Risks specific to ESP35

ESP35 carries two specific risks above generic index volatility. First, Latin American currency exposure. Santander and BBVA together can be 15 to 20% of index weight. Their reported earnings depend heavily on Brazilian real and Mexican peso strength. A sharp peso or real selloff can drag ESP35 even on calm Eurozone days. Inversely, a Latam rally can support ESP35 when European peers are flat. You can be right on Europe and wrong on Latam and lose on ESP35. Second, Spanish political and liquidity risk.
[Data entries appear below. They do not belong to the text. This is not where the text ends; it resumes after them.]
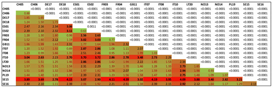Mahalanobis distances [64] among the populations of Quercus petraea derived from shape variables (below the diagonal) and p-values from multivariate permutation tests (10,000 permutation rounds) using Pillai’s trace (above the diagonal). The color code shows the Mahalanobis distance from low (green) to high (red) values.
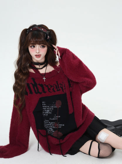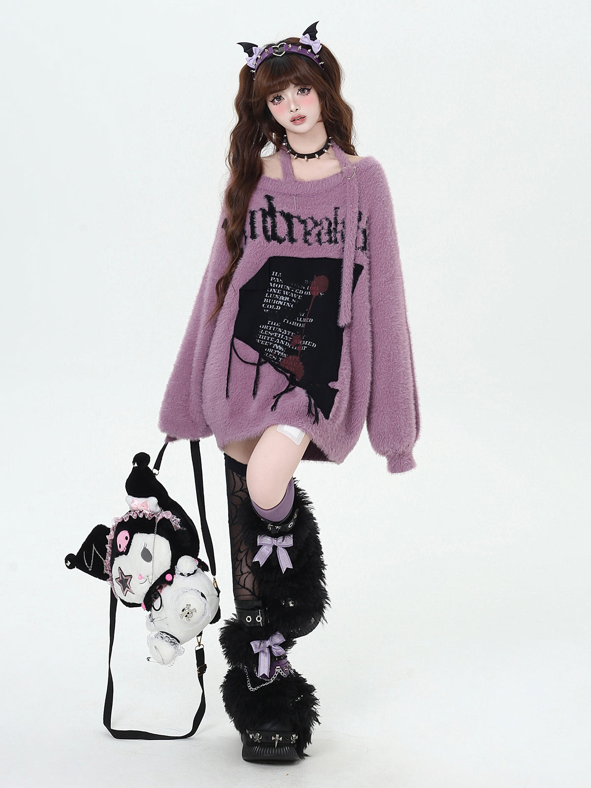 Crazy Girl Romantic Dishonesty Black Red Purple Sweater
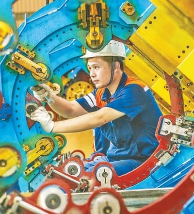 安徽馬鞍山經(jīng)開區(qū),工人在裝配冶金智能裝備產(chǎn)品。
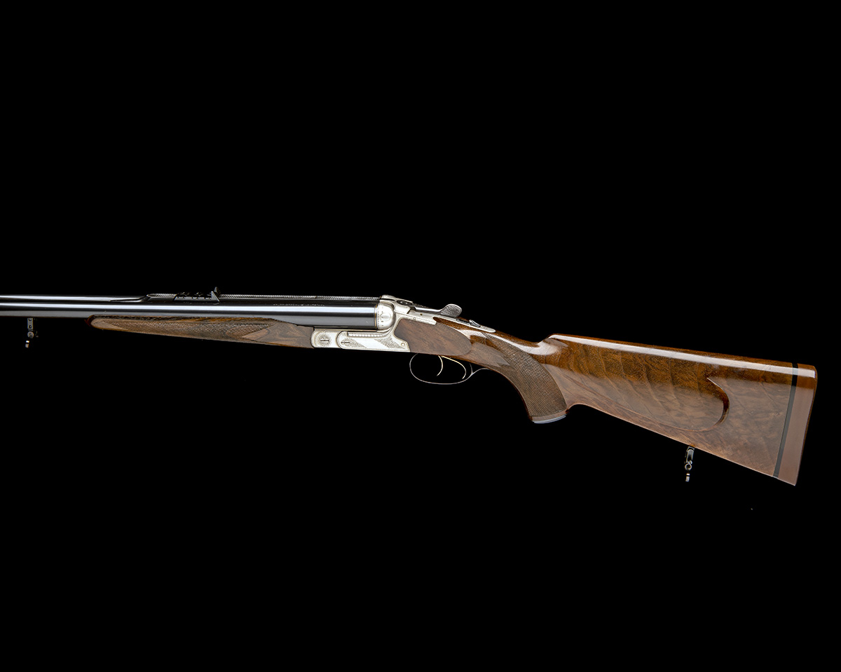 treble-grip action with side-bolsters, gold pin cocking-indicators, manual safety, articulated front trigger, partially engraved with acanthus scrollwork and bordering, bright and blued finish, 15in. figured pistolgrip stock with palm swell, cheekpiece, engraved steel pistolgrip-cap, sling swivels and including 1in. rubber recoil pad, weight 10lb. 2oz. (rifle barrels) and 7lb. 15oz. (shot barrels)
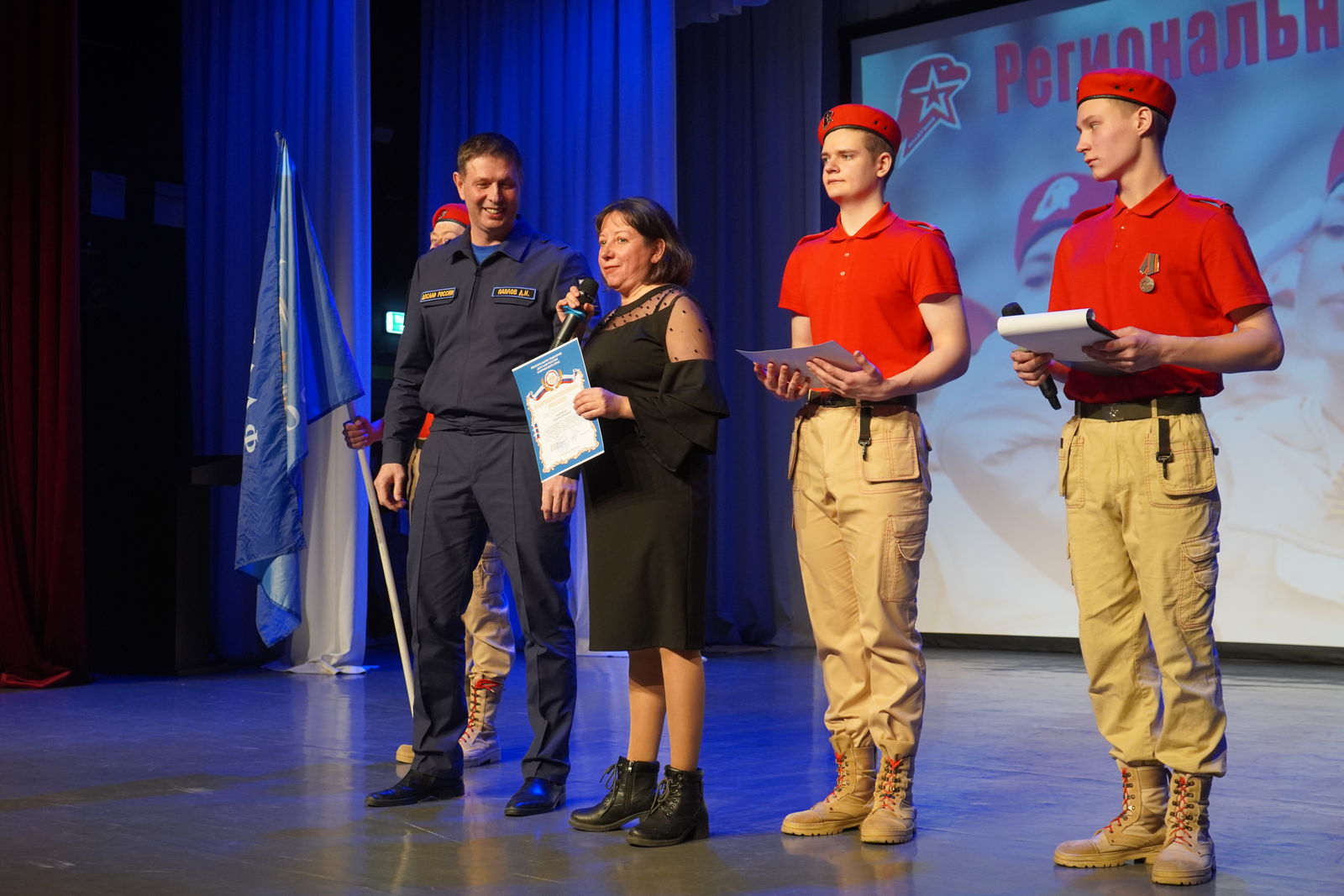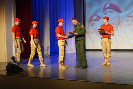 Наиболее отличившихся за отчетный период юнармейцев, занимающих активную гражданскую позицию, начальник штаба регионального отделения Всероссийского детско-юношеского военно-патриотического общественного движения «Юнармия» Константин Николаевич Третьяков наградил грамотами.

Spain has a tradition of inconclusive election outcomes (2015 to 2016, 2019), regional independence movements, and coalition-formation delays that can drag for months. Country-specific risk premium widens during these episodes. ESP35 is also the lowest-volume of the major European indices LHFX offers, so spreads widen during off-peak hours. Mitigations. Start at effective leverage of 1:10 to 1:20 until you have run a strategy through a full ECB cycle and at least one Brazilian or Mexican election. Set a stop loss on every position. Use limit orders rather than market orders during off-peak hours. Watch Brazilian real and Mexican peso direction alongside ESP35 price action.